Add a video of your presentation
Many SAS Global Forum presenters have been invited and agreed to record a short video version of their presentation. These will be available on the SAS Users channel on YouTube. If you write an article for the SAS Community, you can also embed your video from YouTube to complete the package.
If you don't have a YouTube version, you're still invited to contribute a video! On the SAS Community you can upload your own video to include in your article. Record these using Camtasia or OBS (Open Broadcaster Software) or whatever tech you're comfortable with. You can then add the MP4 or MOV file via the Add Video tool while editing your SAS Communities Library article. Here's an example of a video within the community: Viewing SAS catalog entries and formats within SAS Enterprise Guide.
List your published work on your LinkedIn profile
So, you've prepared/presented your work at a major SAS conference! Your professional network needs to know this about you. You should list this as an accomplishment on your resume, and definitely on your LinkedIn profile.
LinkedIn offers a "publication" section -- perfect for listing books and papers that you've written. Or, you can add this to the "projects" section of your profile, especially if you collaborate with someone else that you want to include in this accomplishment. I have yet to add my entire back-catalog of conference papers, but I have added a few recent papers to my LinkedIn profile.

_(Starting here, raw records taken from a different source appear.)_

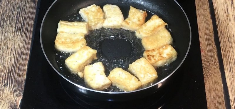 Đậu phụ cắt thành miếng nhỏ rồi đem lên chảo dầu chiên đến khi vàng đều cả hai mặt thì vớt ra. Bước này phải cẩn thận, tránh làm đậu bị vỡ nát vừa mất thẩm mỹ vừa ảnh hưởng đến chất lượng món ăn.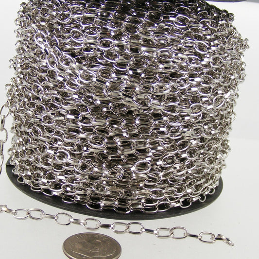 32 ft. of Rhodium Plated SOLDERED Thick Fancy Cable Chain - 3x3.5mm 21G Thickness Wire SOLDERED Link - 335S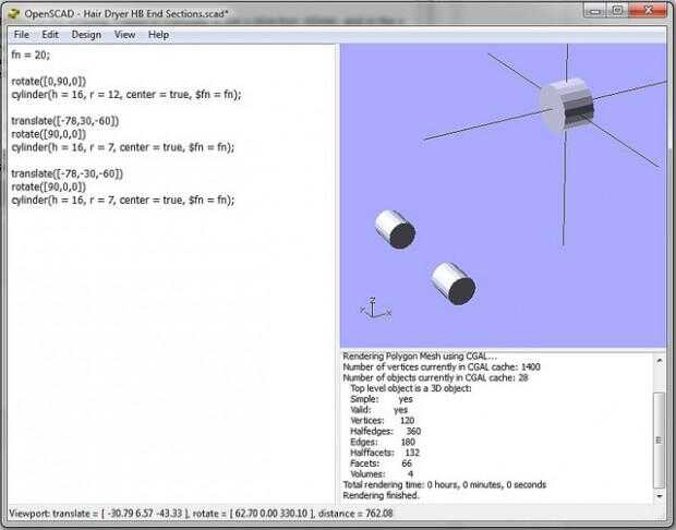 Bien... Quiero dos de estos cilindros, y quiero al espacio a través del eje y centrado en el plano x-z... Así que, voy a añadir un valor y a la traducción de este cilindro añadido recientemente y luego copiar y pegar todo, invertir el signo del valor y de pegada traducir-girar-bloque de código... y voy a ellos espacio 60mm centro a centro (dimensión arbitraria). Por lo tanto, ambos bloques de código será idénticos, salvo uno tendrá una traducción y de 30mm y el otro será-30 mm.

Bonus step: write about your experience in a LinkedIn article
Introspection has a special sort of currency on LinkedIn that doesn't always translate well to other places. A LinkedIn article -- a long-form post that you write from a first-person perspective -- gives you a chance to talk about the deeper meaning of your project. This can include the story of inspiration behind your conference paper, personal lessons that you learned along the way, and the impact that the project had in your workplace and on your career. This "color commentary" adds depth to how others see your work and experience, which helps them to learn more about you and what drives you.
Here are a few examples of what I'm talking about:
- Susan Slaughter (coauthor of The Little SAS Book) talks about her paper/presentation about SGPLOT.
- Here's a LinkedIn article that I wrote about a SAS Global Forum video series that I host -- a sort of "behind the scenes" story.
- And you should connect with/follow our favorite "SAS Nerd" Kirk Lafler. He's a master at sharing his SAS content on LinkedIn.
It's not about you. It's about us.
The techniques I've shared here might sound like "how to promote yourself." Of course, that's important -- we each need to take responsibility for our own self-promotion and ensure that our professional achievements shine through. But more importantly, these steps play a big role in helping your content to be findable -- even "stumble-uponable" (a word I've just invented). You've already invested a tremendous amount of work into researching your topic and crafting a paper and presentation -- take it the extra bit of distance to make sure that the rest of us can't miss it.
(Author's note: I originally published this article in 2017, when sasCommunity.org was "retired" and SAS professionals were looking for an outlet to share their work. I've adapted the guidance here for our "virtual conference" reality in 2020.)